Erst wenn auch diese Fälle akribisch untersucht werden, kann man vom „Licht in der Dunkelheit sprechen“. Als ehemalige Frau eines Polizeibeamten mache ich noch den Vorschlag für eine weitere Recherche: Gehen Sie doch mal der Frage nach, wie viele Polizisten bei Einsätzen ums Leben kamen, wie viele verletzt und traumatisiert sind, so dass sie ihren Beruf nicht mehr ausüben können. Auch das gehört an die Öffentlichkeit!

Hanne Kranz, Bingen

Zu viele Vermutungen

Warum alle 24 Personen von Rassismus betroffen waren, erschließt sich mir aus dem Artikel nicht. Es werden viele Fakten aufgezählt, aber auch viele Mutmaßungen getätigt, Vorwürfe (unausgesprochen) in den Raum gestellt. 10. 4. 18 in Bremervörde: Ist der Mann gestorben, weil er aus dem Irak stammte? Hätte der psychologische Dienst im Kopf eines „people of non-colour“ eine Suizidabsicht auf jeden Fall erkannt? 22. 1. 18 in Darmstadt: Wäre jemand anderes, der Frau, Kinder und Polizisten mit zwei Messern bedroht, anders behandelt worden? 13. 7. 16 in Erharting: Schön, dass der Betreuer den bekannt aggressiven Amos immer „herunterbringen“ konnte. Solche Kommentare helfen den beim Vorfall Anwesenden aber im Nachhinein auch nicht weiter. Wurde er aus rassistischen Gründen erschossen?

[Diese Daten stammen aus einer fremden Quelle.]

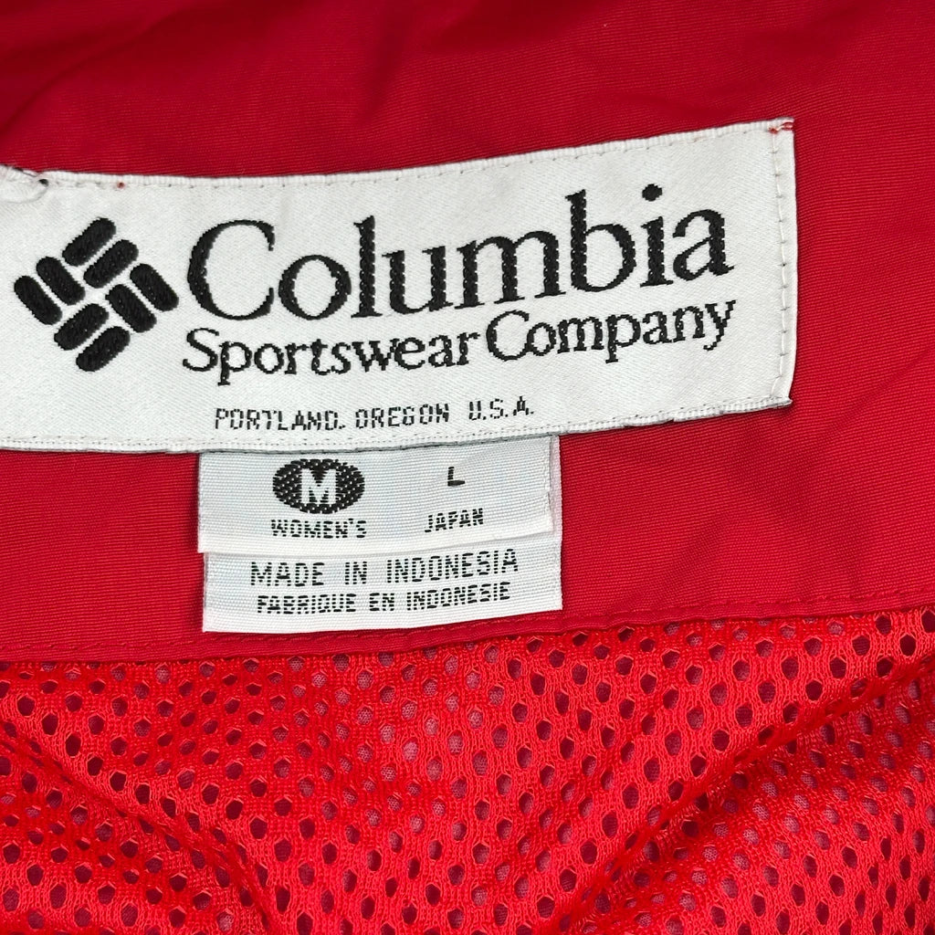 Red And Black Columbia Ski Jacket With Hood And Zipper Closure.

Der Leser muss/soll sich aus grob zusammengetragenen, recht einseitigen Fakten sein eigenes Bild machen. Aber wie? War es Rassismus? Unklar.

Matthias Hahn, Berlin

Reaktion in Sekunden!

Den Versuch der taz, „Licht ins polizeiliche Dunkelfeld“ zu bringen, finde ich gut und wertvoll. Die konkret ausgewählten Fälle erscheinen mir dafür aber weit mehrheitlich ungeeignet. Was genau sollen Polizist:innen nach Meinung der Autor:in­nen denn tun, wenn sie von hochpsychotischen Menschen mit Messern oder Äxten angegriffen werden und binnen Sekunden reagieren müssen?

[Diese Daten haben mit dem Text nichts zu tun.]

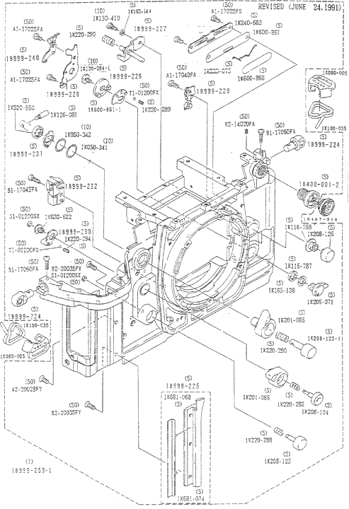 Don't believe ? Click to see two scanned images with just the top right hand panel and another is a front section assembly of the camera (without even shown the lens mount assembly.Well, be able to screeze in all these essential components (the Multi-Meter Finder itself is consists of another 200 parts and the shutter unit, 200 parts) inside a relatively compact camera body is one thing but to ensure this camera can also deliver equaling a previously set-standard in durability and reliability of how a Pro-level SLR should be judged while at the same time, ensuring all it has to offer in various sophisticated features will function flawlessly is another big task during its designing stage. Just like the F3, the priority is how to protect all the sensitive electrical and electronic components within. So, it started with the Nikon F4 backbone which uses a solid aluminum-alloy die-cast body structure for superb strength, rigidity and resistance to corrosion. The die-cast body consists of a front body, rear body, finder mounting section and hand grip.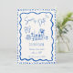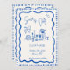 Ce mariage illustré à la mode dessiné à la main, à l'exception de l'invitation à la date, comprend un arc à griffes et des éléments de table. Le design fantaisiste et décalé comprend des caractères manuscrits et des doodles de célébration. Couleur bleu cobalt pour mariage classique mais moderne stationnaire.

Eine Bewaffnung der Polizei mit Tasern oder Ähnlichem wünscht sich die taz doch sicher nicht, oder?

Im Übrigen sehe ich bei den Fällen wenig Recherche, sondern viel Geraune, Mutmaßungen und den Versuch, die Verstorbenen nachträglich als stets deeskalierend zu beschreiben oder ihre Suizidalität zu negieren. Dass Angehörige und Freund:innen ein solches Bild für sich wünschen, verstehe ich gut – dies allerdings quasi als Ergebnis der Recherche zu präsentieren, weniger.

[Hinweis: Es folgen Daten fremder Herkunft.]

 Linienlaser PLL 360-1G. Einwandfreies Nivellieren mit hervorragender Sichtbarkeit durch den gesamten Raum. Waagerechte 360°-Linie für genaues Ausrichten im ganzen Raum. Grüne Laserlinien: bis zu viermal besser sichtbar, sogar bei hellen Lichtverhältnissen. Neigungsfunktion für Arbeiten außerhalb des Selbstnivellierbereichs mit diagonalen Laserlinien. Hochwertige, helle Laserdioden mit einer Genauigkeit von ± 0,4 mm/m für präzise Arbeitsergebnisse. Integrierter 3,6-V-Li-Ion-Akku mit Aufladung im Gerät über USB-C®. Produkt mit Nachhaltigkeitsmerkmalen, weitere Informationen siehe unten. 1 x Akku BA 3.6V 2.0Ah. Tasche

Die – wenigen – Fälle, in denen tödliche Polizeieinsätze tatsächlich falsch gelaufen sind und eine Strafbarkeit wegen Fahrlässigkeit in Betracht kommt, werden damit zugleich vernebelt und überdeckt, was sich niemand wünschen kann, dem an einer Aufklärung dieser Fälle gelegen ist. Letzteres müsste insbesondere im wohlverstandenen Interesse der Institution Polizei selbst liegen. Tim Engel, Bochum

Botschaft an Seehofer

Ein großes Dankeschön, liebe taz, für diese Dokumentation des „polizeilichen Dunkelfelds“. Es lässt sich damit eigentlich nicht mehr so ohne Weiteres behaupten, dass es sich dabei lediglich „um Einzelfälle“ handele.

Eine weitere Durchdringung des Dunkelfeldes wäre also vonnöten.

Innenminister Seehofer sollte sich einer Studie zu Racial Profiling in der Polizei nicht weiter entgegenstellen. Außerdem wäre dies eine Botschaft, dass Ermittlungen zu unklaren Todesfällen, zum Beispiel im Polizeigewahrsam, nicht durch die Behörden behindert werden.